Evidence of low watershed resilience across the Western United States

Vulnerable waters, including headwater streams and non-floodplain wetlands, are essential to watershed level resilience but notoriously difficult to measure over large spatial scales. Although individually small, vulnerable waters as a whole are integral in regulating hydrologic and biogeochemical processes. In the relatively small proportion of vulnerable waters that are continuously monitored, there are clear signs of declining water availability and resilience. However, the dispersed and remote nature of these waters makes continuous, landscape-scale monitoring impossible with traditional in situ methods, limiting our understanding of their condition. To address this gap, we produced a satellite-derived dataset of monthly ecologically-available water in vulnerable waters during the growing season from 2016 to 2024 across dryland ecoregions in the western United States. We then developed several indicators of conditions in vulnerable waters. Our results uncover varying levels of degradation in headwaters across the western U.S., and indicate that many watersheds may have very low resilience to climate or land-use shocks. In these watersheds, the functions provided by vulnerable waters, such as maintaining flow heterogeneity, sediment connectivity, water availability, and habitat heterogeneity, may be declining and threatened.
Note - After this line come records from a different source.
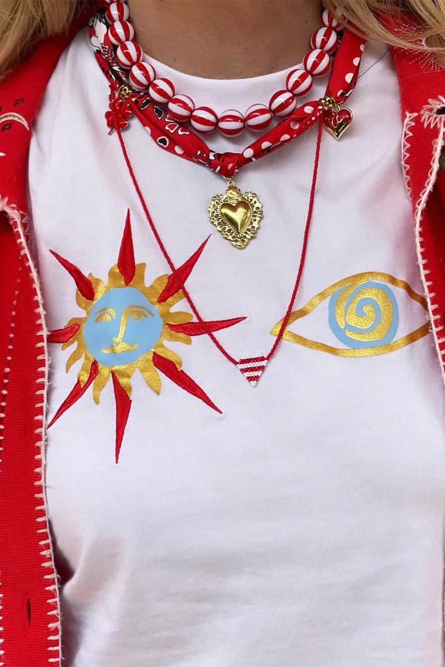 Ifigenia Loukou acrylic necklace features striking round beads in a bold red and white striped pattern. The unique color combination creates a playful and modern effect that instantly catches the eye and adds vibrancy to any outfit. The glossy acrylic beads are lightweight and comfortable to wear, while the metal chain with an extension allows for easy length adjustment, ensuring a perfect fit around the neck. The necklace’s design blends a bold character with refined elegance, making it suitable for both everyday looks and more special occasions.A distinctive piece by Ifigenia Loukou, this necklace adds color, style, and personality to every look.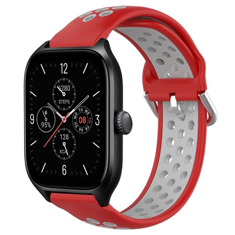 For Amazfit GTS 4 20mm Perforated Breathable Sports Silicone Watch Band(Red+Grey)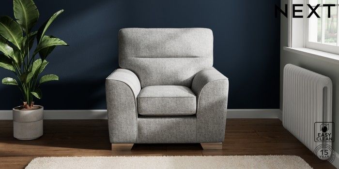7.2.10 Stamford Highback Armchair Chunky Boucle Easy Clean Light Grey Square Angle - Chrome Metal | Made Click here to use our website with more accessibility support, for example screen readers

We demonstrate the utility of the dataset we introduce in this study for identifying watersheds where functions have become limited and could be good targets for restoration efforts. Overall, we demonstrate that satellite-based measurements fill a major monitoring gap for vulnerable waters, and these continuous time-series measures across entire landscapes have the potential to transform our understanding of how vulnerable waters are changing over time. The metrics we calculated from the pixel-based maps are able to summarize important ecosystem function characteristics, and can be used to answer a variety of scientific questions and inform management decisions. Furthermore, our approach is completely open access and reproducible for future years and in other dryland biomes.